Firefighters, with the aid of some non-windy weather, managed by Monday afternoon to almost fully contain the Sunshine Canyon Fire that blazed through forest just west of Boulder on Sunday. On Monday night, it was still smoldering above the city.
When the fire ignited and spread, Boulder was experiencing a record-setting 78 degree day in a month that has seen only 0.05 inches of precipitation, or 2.14 inches short of the historic average for the month.
The Sunshine Canyon fire burned 76 acres and forced authorities to evacuate 420 homes.
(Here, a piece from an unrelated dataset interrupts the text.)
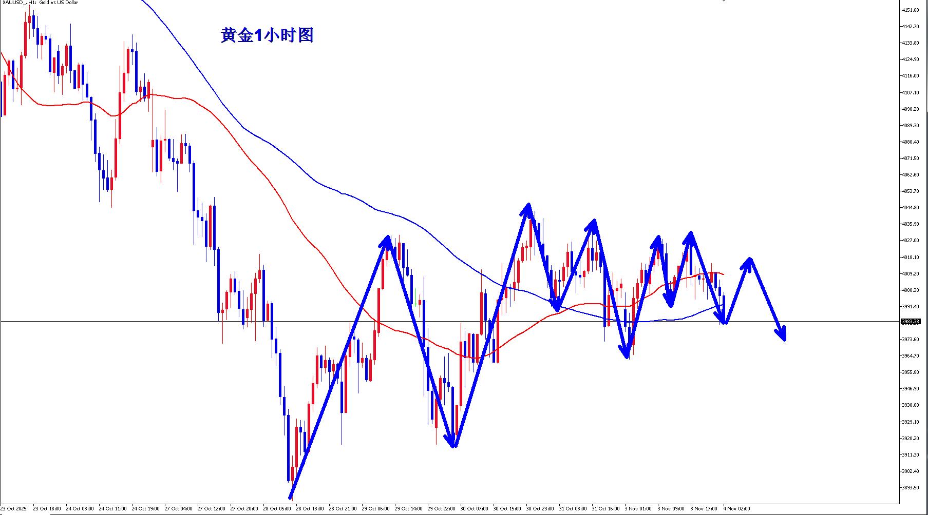 黃金現在整體還是震盪,就是來來回回,不斷拉扯,黃金大行情之後相當一段時間黃金就是這樣的走勢,所以要習慣這樣的行情節奏。不要行情一漲就覺得要大漲,目前還僅僅是反彈修正的行情,黃金隔夜4027空還是如期下跌收割。文章也直接公開提示空,黃金最終還是如期下跌,黃金早盤反彈繼續空。

It also marked just another incident in the state fire season that no longer has any start or end.
Colorado firefighters are working on the ground and in the halls of officialdom to head off further destruction.
In January, some of them visited the offices of Gov. John Hickenlooper and U.S. Sen. Cory Gardner to discuss “the impacts of climate change on the shifting fire regime in Colorado and proposed solutions,” according to the Unacceptable Risk group that put out the 2015 documentary of the same name. The firefighters delivered a letter urging the governor to “allocate adequate funds to prevent and manage wildfires and to accelerate clean, renewable energy production.”
The governor has certainly made efforts. He has supported clean energy plans over sometimes fierce opposition at the Capitol and has advocated for and signed legislation that upgraded controlled burn procedures, expanded firefighting and wildfire detection equipment and that funded studies on forest health and fire insurance.
This legislative session has seen state lawmakers support research on developing forest-managing and carbon-capturing biochar and urge Congress to fund wildfire responses. They have also introduced bills to consolidate forest health grant programs and study drone use in fire fighting and prevention.
The bills are moving well through the building. Sooner is better.